Советский представитель ответил, что в тексте статьи морского права речь идет о досмотре невоенных кораблей, иммунитет же военных кораблей в открытом море закреплен особой статьей морского права, следовательно, данное положение имеет приоритет.
Американский представитель напомнила, что Алый Линкор до сих пор не имеет флага, и по той же норме морского права он причисляется к пиратам просто в силу определения. Напоминаю нашим телезрителям, что миссис Киркпатрик в Фолклендском инциденте всецело поддерживает Аргентину, чем, возможно, и объясняется ее настойчивость.
После того, как смех и шум в зале заседаний генеральной ассамблеи ООН стихли, представитель Великобритании сэр Энтони Деррик Парсонс в резкой форме заявил, что обвинение в пиратстве правительство Ее Величества не поддержит ни при каких обстоятельствах.

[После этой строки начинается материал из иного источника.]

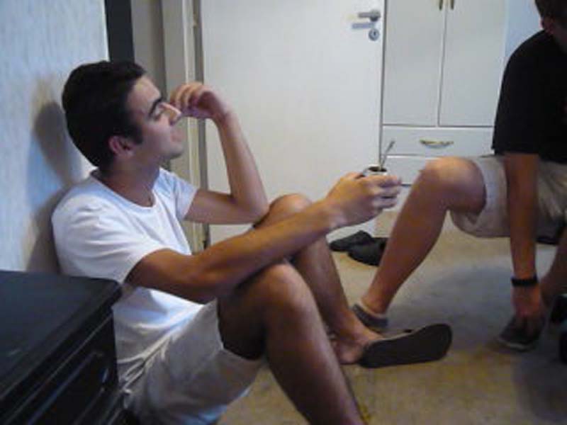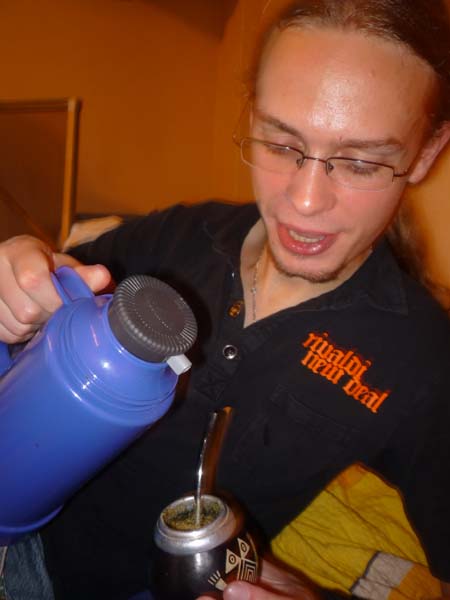 Nach einer laaangen Nacht haben wir am nächsten Morgen gegen 6 Uhr mit Maté trinken angefangen. Ich dachte eigentlich, dass Rührei angesagt wäre, dem war aber nicht so. Auf den ein oder anderen hatte der Tee wohl eine recht stimmulierende Wirkung.Nachdem ich nun 50 mal Fahrstuhl aus dem 10. Stock hoch unter runter fahren musste, quietscht der Fahrstuhl beim Anhalten im 10. Stock! – Somit war die Idee vom Balkon runter zu gehen wohl eine Gute. 😉
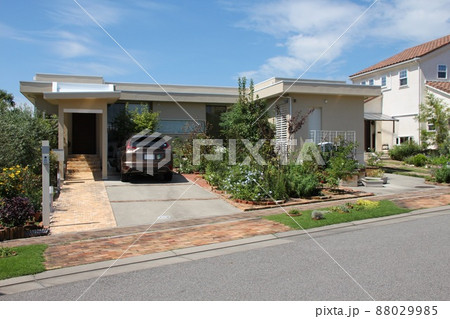 青空に映えるコの字型で平屋建てで落ち着いた雰囲気のアースカラーのスタイリッシュな美しい邸宅
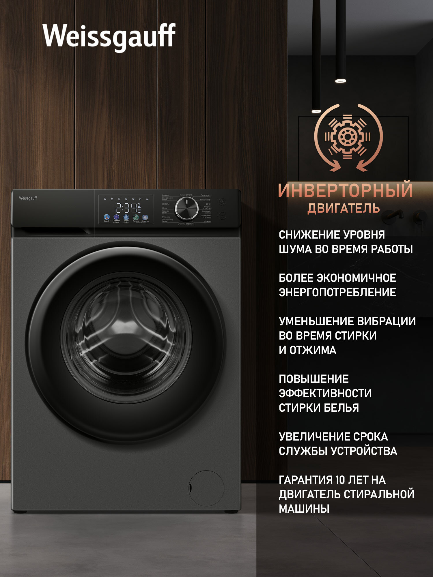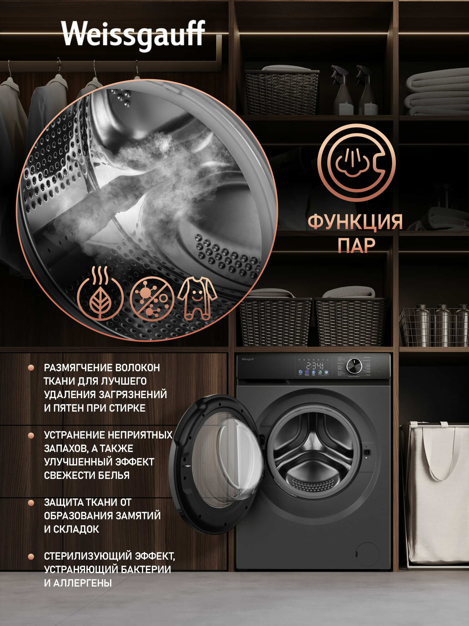 Cтиральная машина с инвертором и паром Weissgauff WM 45126 Inverter Steam Color Touch Grey информация:
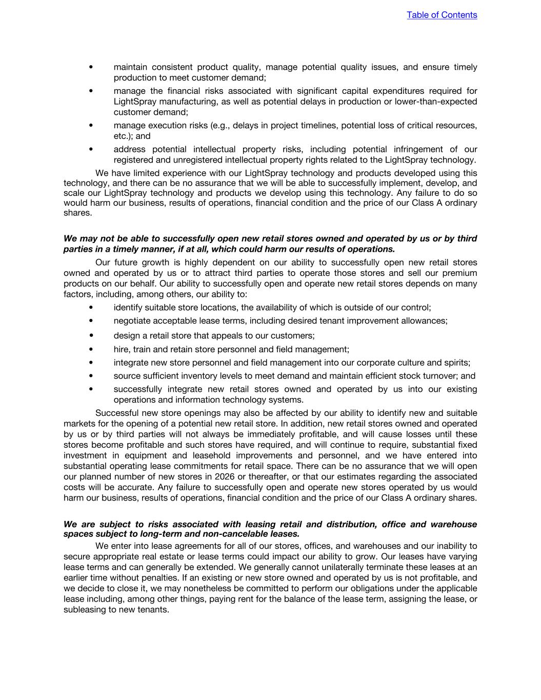 • maintain consistent product quality, manage potential quality issues, and ensure timely production to meet customer demand; • manage the financial risks associated with significant capital expenditures required for LightSpray manufacturing, as well as potential delays in production or lower-than-expected customer demand; • manage execution risks (e.g., delays in project timelines, potential loss of critical resources, etc.); and • address potential intellectual property risks, including potential infringement of our registered and unregistered intellectual property rights related to the LightSpray technology. We have limited experience with our LightSpray technology and products developed using this technology, and there can be no assurance that we will be able to successfully implement, develop, and scale our LightSpray technology and products we develop using this technology. Any failure to do so would harm our business, results of operations, financial condition and the price of our Class A ordinary shares. We may not be able to successfully open new retail stores owned and operated by us or by third parties in a timely manner, if at all, which could harm our results of operations. Our future growth is highly dependent on our ability to successfully open new retail stores owned and operated by us or to attract third parties to operate those stores and sell our premium products on our behalf. Our ability to successfully open and operate new retail stores depends on many factors, including, among others, our ability to: • identify suitable store locations, the availability of which is outside of our control; • negotiate acceptable lease terms, including desired tenant improvement allowances; • design a retail store that appeals to our customers; • hire, train and retain store personnel and field management; • integrate new store personnel and field management into our corporate culture and spirits; • source sufficient inventory levels to meet demand and maintain efficient stock turnover; and • successfully integrate new retail stores owned and operated by us into our existing operations and information technology systems. Successful new store openings may also be affected by our ability to identify new and suitable markets for the opening of a potential new retail store. In addition, new retail stores owned and operated by us or by third parties will not always be immediately profitable, and will cause losses until these stores become profitable and such stores have required, and will continue to require, substantial fixed investment in equipment and leasehold improvements and personnel, and we have entered into substantial operating lease commitments for retail space. There can be no assurance that we will open our planned number of new stores in 2026 or thereafter, or that our estimates regarding the associated costs will be accurate. Any failure to successfully open and operate new stores operated by us would harm our business, results of operations, financial condition and the price of our Class A ordinary shares. We are subject to risks associated with leasing retail and distribution, office and warehouse spaces subject to long-term and non-cancelable leases. We enter into lease agreements for all of our stores, offices, and warehouses and our inability to secure appropriate real estate or lease terms could impact our ability to grow. Our leases have varying lease terms and can generally be extended. We generally cannot unilaterally terminate these leases at an earlier time without penalties. If an existing or new store owned and operated by us is not profitable, and we decide to close it, we may nonetheless be committed to perform our obligations under the applicable lease including, among other things, paying rent for the balance of the lease term, assigning the lease, or subleasing to new tenants. Table of Contents
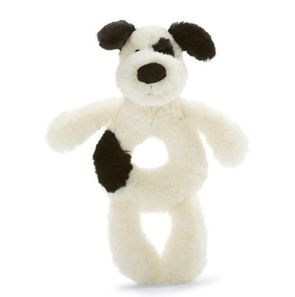 Jellycat Bashful black & cream Puppy Ring Rattle
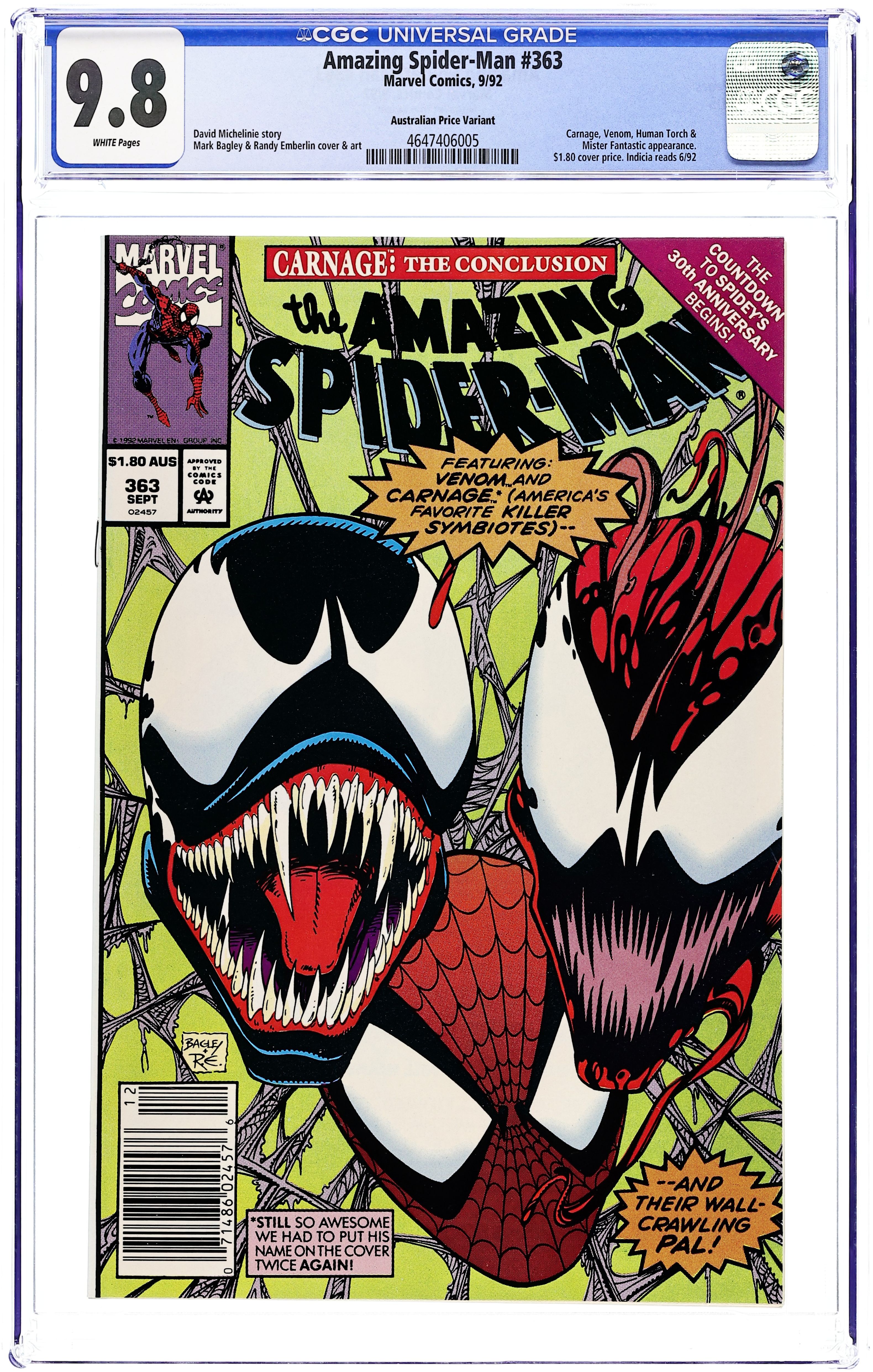 Starts Jan 3 Australian Price Variant. $1.80 cover price. "Savage Alliance!" Part 2 of 3. Guest-starring the Human Torch. Script by David Michelinie. Pencils by Mark Bagley. Inks by Randy Emberlin. Cover by Mark Bagley and Randy Emberlin. After getting a taste of Carnage's raw power last issue, the wall-crawler knows he needs serious help! To that end the amazing one does the unthinkable! He pays a visit to Venom! Wow, is that a good idea? However as a precaution the web-slinger brings Johnny Storm along for the ride to Venom's deserted island! And following an intense battle, Venom surprisingly agrees to help his good pal Spidey! So in a truly unlikely pairing, the Spectacular Spider-Man and the Lethal Protector join forces to take down Carnage! You have to see it to believe it! Cameo appearance by J. Jonah Jameson. (Note: The issue includes a full-page ad for the Toxic Crusaders (1992) series with art by Sam Kieth.) 32 pages.
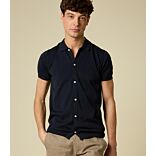 Shirt-style polo in 100% cotton knit, short sleeves – Slim Fit
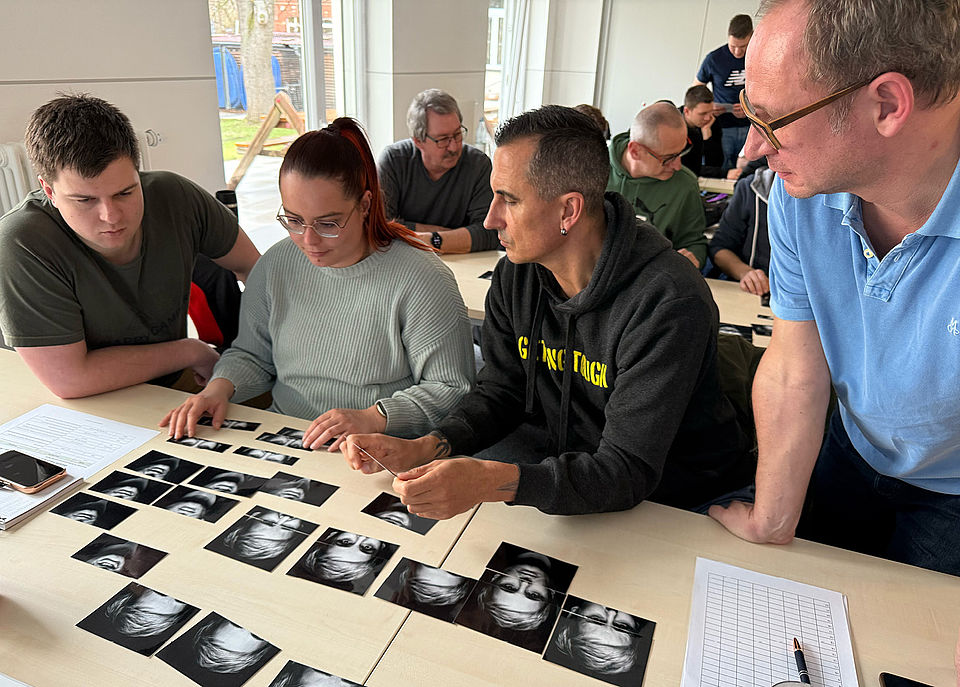 Im ersten Schritt standen das richtige Lesen und Einschätzen der menschlichen Mimik im Mittelpunkt. Die Mitarbeiter des Rettungsdienstes hatten dabei die Aufgabe anhand verschiedener Gesichtsausdrücke zu erkennen, ob seitens des behandelten Patienten eine Gefahr ausgeht oder nicht. Hier entscheiden oftmals schon Millisekunden darüber, ob sich die aktuelle vorgefundene Situation zu einer Krise entwickelt.

Резкость почтеного сэра часть обозревателей относит на его молодость артиллерийского морского офицера, часть же на то, что сэр Энтони уже одной ногой вне ООН. Известно, что уже в этом году правительство Ее Величества планирует отозвать сэра Энтони, так и не озвучив имя возможного преемника.
Однако, вне зависимости от обстоятельств сэра Энтони, нельзя отрицать, что Алый Линкор добился отвода десантных сил аргентинского диктатора Фортунато Галтьери без какого-либо ущерба или потерь, исключив перерастание Фолклендского инцидента в полномасштабную войну, что признано и американской прессой и, якобы, всеми прогрессивными силами планеты. Позицию Великобритании как в инциденте Третьего Флота, так и в Фолклендском инциденте, разделяет Республика Чили, традиционно противостоящая Аргентине в Южно-Американской политике. Представитель Республики Чили, сеньор Карлос Мартинес Сотомайор, заявил, что Алый Линкор в ходе нахождения в чилийских водах не нарушил никаких законов, как международных, так и чилийских…
– Переключите, хватит.
Экран телевизора моргает, некоторое время идет полосками, затем показывает хоккейный матч. Ну да, недавно же откатали чемпионат. Опять победили коммунисты, чертова “The Red Machine”, чуда в этом году не произошло… Более того, команда США в этом проклятом апреле впервые вылетела из группы сильнейших.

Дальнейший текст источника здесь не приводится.